With the RoboDK software, researchers can create a complete computer simulation of the product to be inspected, the inspection pattern, and the movement of the inspection tool (such as the infrared camera) before deploying the robot on-site. At inspection time, the program can be quickly downloaded to the robot and inspection can begin without any delays or additional setup. Programming the robot also ensures efficiency in inspection, as the program moves the robot on the most practical and comprehensive paths around the aircraft to make sure no areas are missed. Because RoboDK is a member of the UR+ development ecosystem, its simulation software has been fully tested and proven for compatibility and fast and easy integration with all UR robots.
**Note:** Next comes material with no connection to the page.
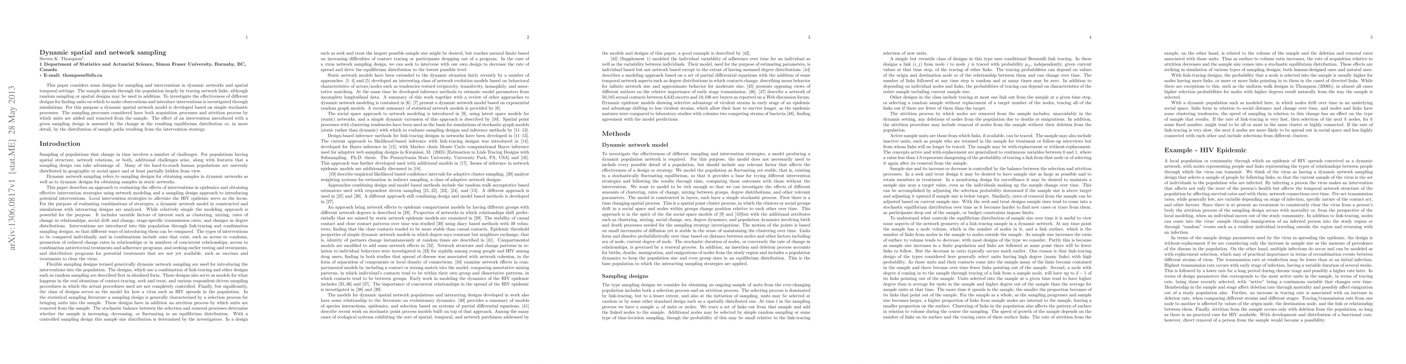 This paper considers some designs for sampling and interventions in dynamic networks and spatial temporal settings. The sample spreads through the population largely by tracing network links, although random sampling or spatial designs may be used in addition. To investigate the effectiveness of different designs for finding units on which to make observations and introduce interventions is investigated through simulations. For this purpose a dynamic spatial network model is developed based on simple stochastic processes. The sampling processes considered have both acquisition processes and attrition process by which units are added and removed from the sample. The effect of an intervention introduced with a given sampling design is assessed by the change in the resulting equilibrium distribution or, in more detail, by the distribution of sample paths resulting from the intervention strategy.

The UR10’s built-in safety features allow people to work closely alongside the robot while it’s inspecting the aircraft. That allows other inspections or manufacturing processes to take place during the infrared inspection, which improves efficiency and saves time. The robot’s ease-of-use, programmability, and payload and reach capabilities make it ideal for a wide range of inspection types beyond infrared thermography, such as ultrasound or eddy current testing.
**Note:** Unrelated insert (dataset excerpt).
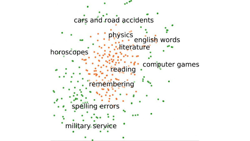 Smirnov calculated the coefficients for all 2.5 million words of the vector model and made them available for further study. Interestingly, even words that are rarely found in a training dataset can predict academic performance. For example, even if the name ‘Newt’ (as in the Harry Potter character, Newt Scamander) never appears in the training dataset, the model might assign a higher rating to posts that contain it. This will happen if the model learns that words from novel series are used by high-achieving students, and, through unsupervised learning, ‘intuit’ that that the name ‘Newt’ belongs to this category (that is, the word is closely situated to other concepts from Harry Potter in the vector space).

The long-term goal is to integrate this inspection system into the environment where fuselages are being manufactured, with minimal additional cost to the manufacturer, explained Elliott Cramer, Branch Head of Nondestructive Evaluation Sciences at NASA Langley Research Center. But there are additional long-term advantages as well. “The data that we record when the vehicle is manufactured can stay with the vehicle for its life,” Cramer said. “Because it was done robotically the first time, you know exactly where it was and you have the means to go back to that exact location and compare any changes that may be occurring during the life of the vehicle.”